Currently, a postdoctoral researcher at Stanford University’s Graduate School of Education, where he recently obtained a Ph.D. in the Learning Sciences and Technology Design Program, Schneider focuses on how emerging technologies can help educators design better learning environments.
“I am especially interested in environments that can facilitate access to abstract concepts in STEM through physical interactions like having students build their own physical artifacts,” he says, pointing to his work with Tangible User Interfaces and Fabrication Labs.
How and why is the development of new educational interfaces a significant part of the field?
Research in educational technologies is going through an exciting time. There has been this realization that it’s not enough to put computers in schools, you actually need interdisciplinary teams of educators, researchers and engineers to build compelling learning experiences. Historically, there has always been this idea that technology can create interfaces that make complex ideas easier to comprehend. Papert, for instance, argued that tangible programming could be a great entry point for learning math. Engelbart had this grandiose view that technology could augment human intellect. We are at a turning point where technology is becoming cheap and mature enough to realize those visions. I am very optimistic that those efforts will produce ways to learn that we have not experienced before, and I’m excited to be part of this endeavor.
What is your latest research project?
My group at Stanford has been at the forefront of a new research methodology called multi-modal learning analytics (MMLA). Basically, the idea is to use high-frequency sensors (eye-trackers, motion sensors, video streams, GSR sensors, etc.) to collect massive datasets on students’ behaviors, and use data mining techniques to make sense of them.
One motivation for this approach is that "we teach what we can measure." If we can measure more complex forms of learning, we are taking the first step toward helping students acquire those new skills. Collaboration is one example. It’s a multi-faceted construct that's hard to measure. But it turns out that you can use synchronized eye-trackers to capture a group's visual coordination, and that those patterns are a really good proxy for students’ quality of collaboration. That’s a great starting point. The hope is that we can extend this approach to other (sub)skills, and build tools that provide real-time feedback to scaffold students’ learning.

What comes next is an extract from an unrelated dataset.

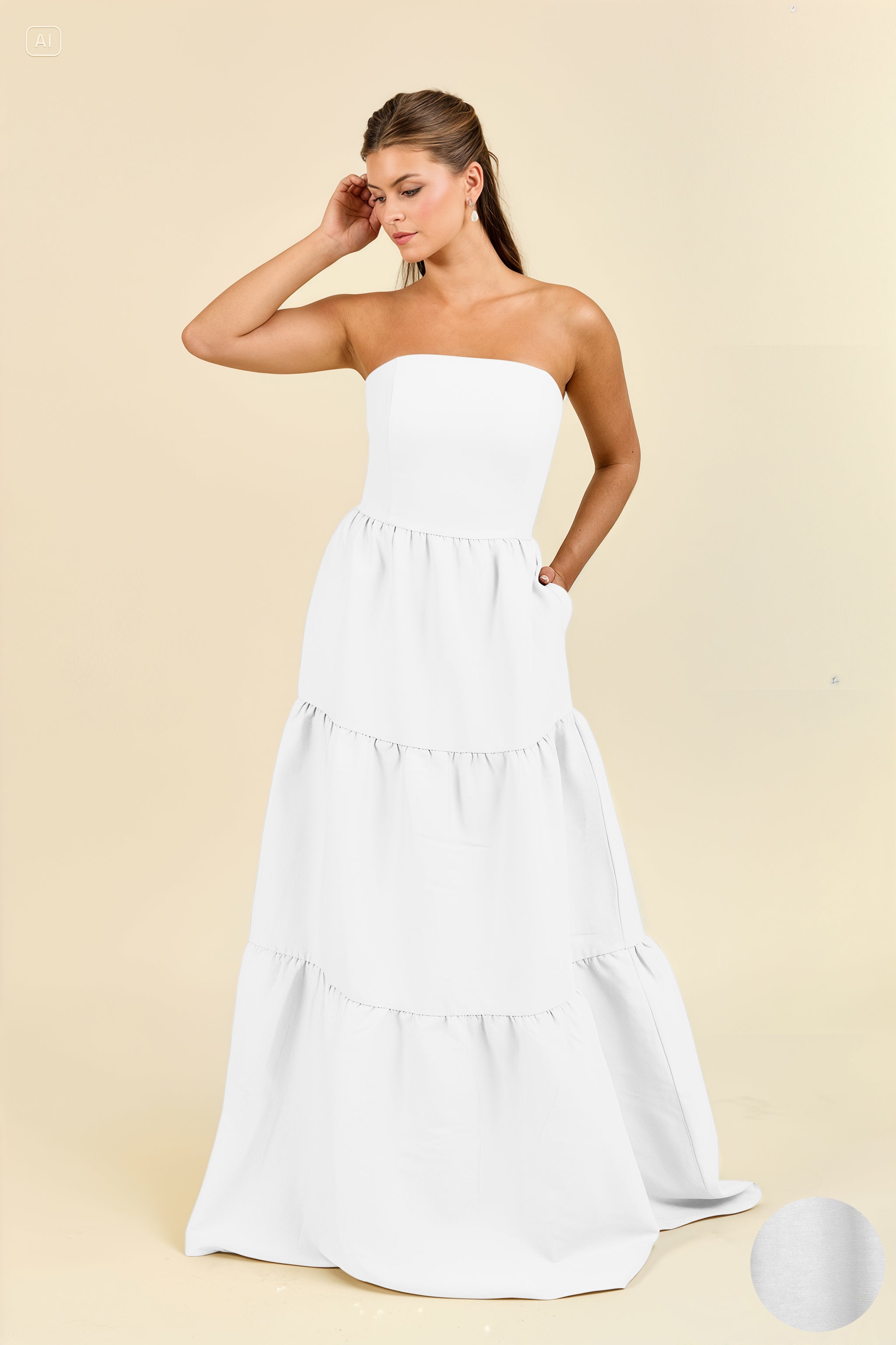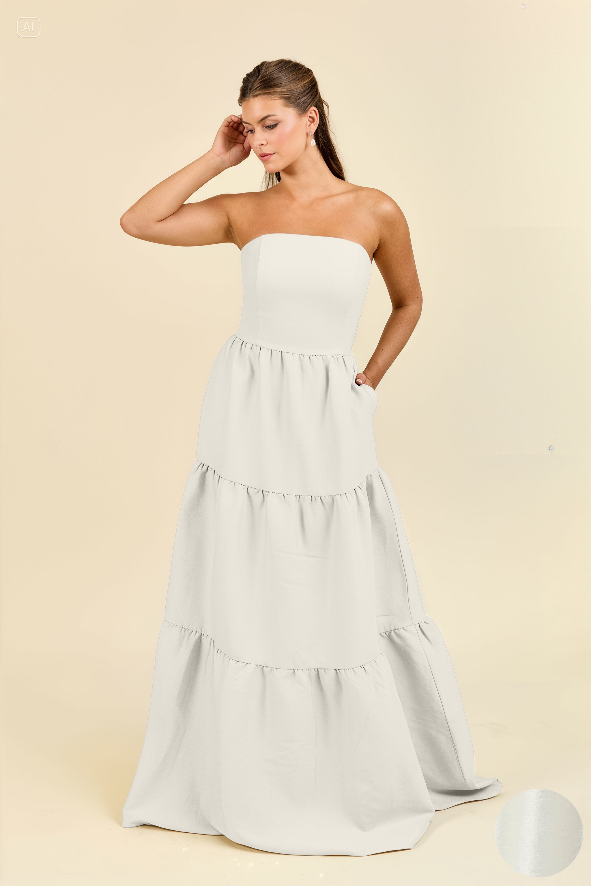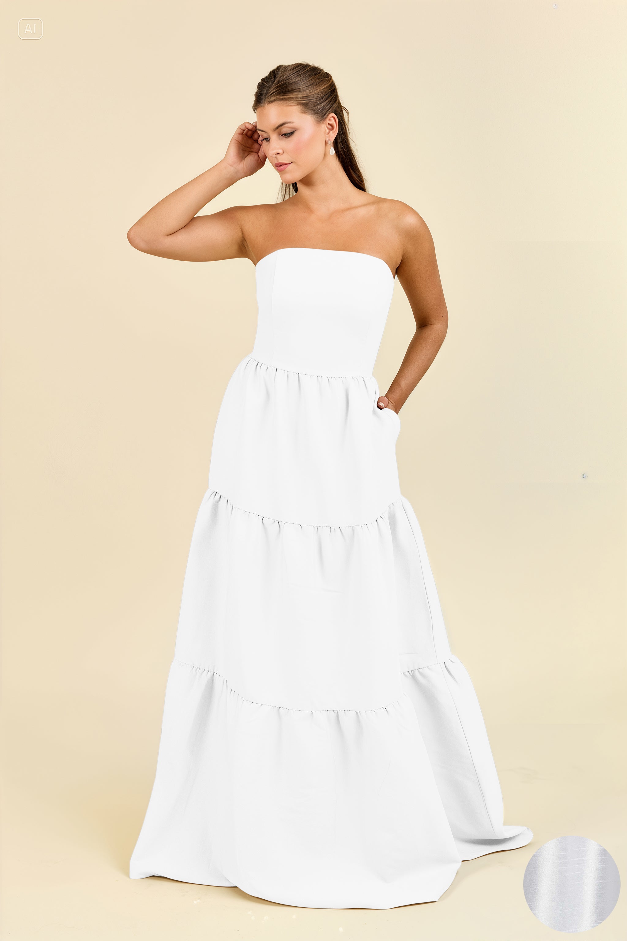 The Hannah can be paired with any of our available skirt styles & lengths. Customize yours using our Design your Dress Tool to explore options.

What courses will you be teaching in the upcoming year?
I will be teaching a class on MMLA in the spring. This is a huge technical challenge, in the sense that handling massive multimodal datasets requires years of programming experience, and I will be teaching this class to students who have limited programming experience. But democratizing access to these new methods is crucial: students in education need to be part of this discussion, because they are going to be the educational leaders of tomorrow.